All tissue samples were collected from 14-day-old rice seedlings grown in culture tubes. The plants were grown in a growth chamber under a cycle of 12 h light at 25 °C followed by 12 h dark at 25 °C. All leaves of the seedlings were collected under a clean bench and frozen immediately in liquid nitrogen. Total RNA was extracted and sequenced by Shanghai Biotechnology Corporation (contract number: BC14374-1). The leaf transcriptome was analyzed using Illumina HiSeq 2500. We generated 97.08 million and 93.38 million RNA-seq reads from Zhongxian 3037 (control) and the variant (YZG-5), respectively. We mapped 76.63% of the Zhongxian 3037 RNA-seq reads and 78.09% of the variant reads to the TIGR7 reference genome using TopHat249. We used Cufflink50 to measure the expression level (FPKM) of rice annotated genes (TIGR7, http://rice.plantbiology.msu.edu/).

Results

Origin and molecular cytological examination of YZG-5

YZG-5 is a morphological variant discovered from the inbred progenies of a rice line telotrisomic for chromosome 11 (Chr11), which was derived from indica rice variety Zhongxian 3037. Compared to Zhongxian 3037 (Fig. 1a), the variant plant had deep green leaves and a poor rate of seed set of only 10.5% (Fig. 1b). Based on cytological analysis of the variant at mitosis, we found that the chromosome number of the variant was 25 in all somatic cells examined (Fig. 1d), whereas that of the normal diploid was 24 (Fig. 1c). As YZG-5 was derived from the progeny of Chr11 variants, we used 5S rDNA, as a probe for FISH analysis. The 5S rDNA signals overlapped with those of a rice centromere-specific DNA sequence (CentO) in the normal diploid (white arrows in Fig. 2a–c), indicating that the 5S rDNA was located at the centromere region of Chr11 close to its short arm. To further differentiate between the short arm and the long arm of Chr11 according to the 5S rDNA and CentO signals, we selected another variant, T0135, in which Chr11 had been broken, forming two types of telocentric chromosomes.
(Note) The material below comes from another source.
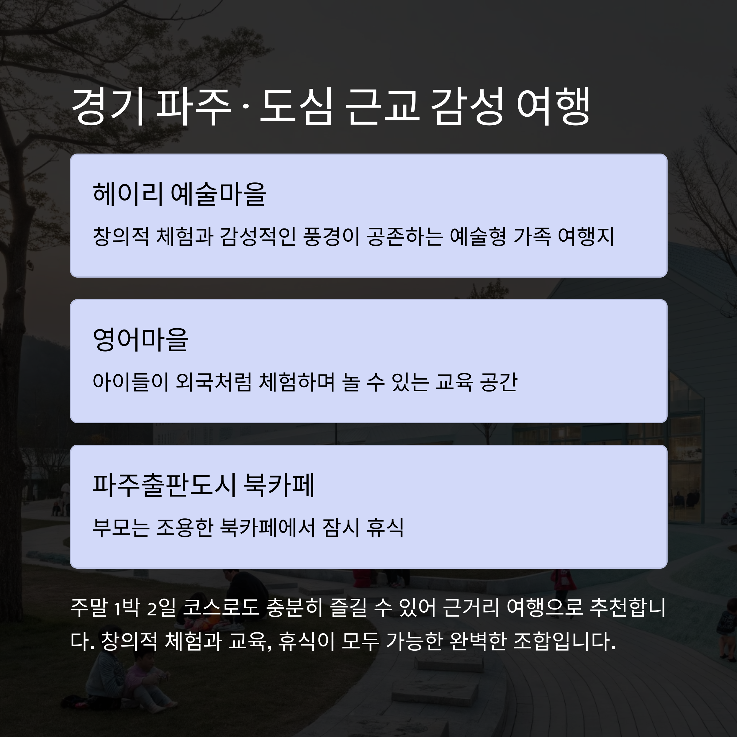 | 경기 파주 | 헤이리 + 영어마을 + 북카페 | 감성+교육형 도심 근교 여행 | 초등 이상 |

One type is the long arm of Chr11 (designated 11L∙; “∙” represents the centromeric repeat loci), with stronger CentO signals (white arrows in Fig. 2d,e) and weaker 5S rDNA signals (white arrows in Fig. 2d,f). The other type is the short arm of Chr11 (designated 11S∙; “∙” represents the centromeric repeat loci), with weaker CentO signals (yellow arrows in Fig. 2d,e) and stronger 5S rDNA signals (yellow arrows in Fig. 2d,f). Therefore, we used 5S rDNA and CentO as cytological markers, not only to identify the centromere region of Chr11, but also to distinguish 11S∙ from 11L∙.

Figure 1
figure 1

Morphological traits of rice line Zhongxian 3037 and variant YZG-5. (a) Zhongxian 3037. (b) Variant YZG-5 exhibits deep green leaf color and poor seed setting. (c) Zhongxian 3037 has 24 chromosomes in each somatic cell. (d) YZG-5 has 25 chromosomes in each somatic cell.

Figure 2
figure 2

FISH analysis of rice line Zhongxian 3037 and variant YZG-5. Chromosomes were counterstained with DAPI. Red indicates CentO signals, green indicates 5S rDNA signals. Scale bars represent 5 μm in all images. (ac) Normal chromosome 11 in line 3037, with two pairs of CentO and 5S rDNA signals. (df) Line T0135, with two pairs of telocentric chromosome 11. White arrows show 11L∙ with weaker 5S rDNA signals and stronger CentO signals, and yellow arrows show 11S· with stronger 5S rDNA signals and weaker CentO signals. (gi) Variant YZG-5, with a structurally tricentric chromosome and two telocentric chromosomes derived from Chr11. White arrows show 11L∙ with weaker 5S rDNA signals and stronger CentO signals. In figure h, yellow and cyan arrow indicate 11S∙11S∙11S∙11S with one stronger CentO signal located at the middle region and two weaker CentO signals, respectively. In figure i, yellow and cyan arrows indicate 11S∙11S∙11S∙11S with three stronger 5S rDNA signals.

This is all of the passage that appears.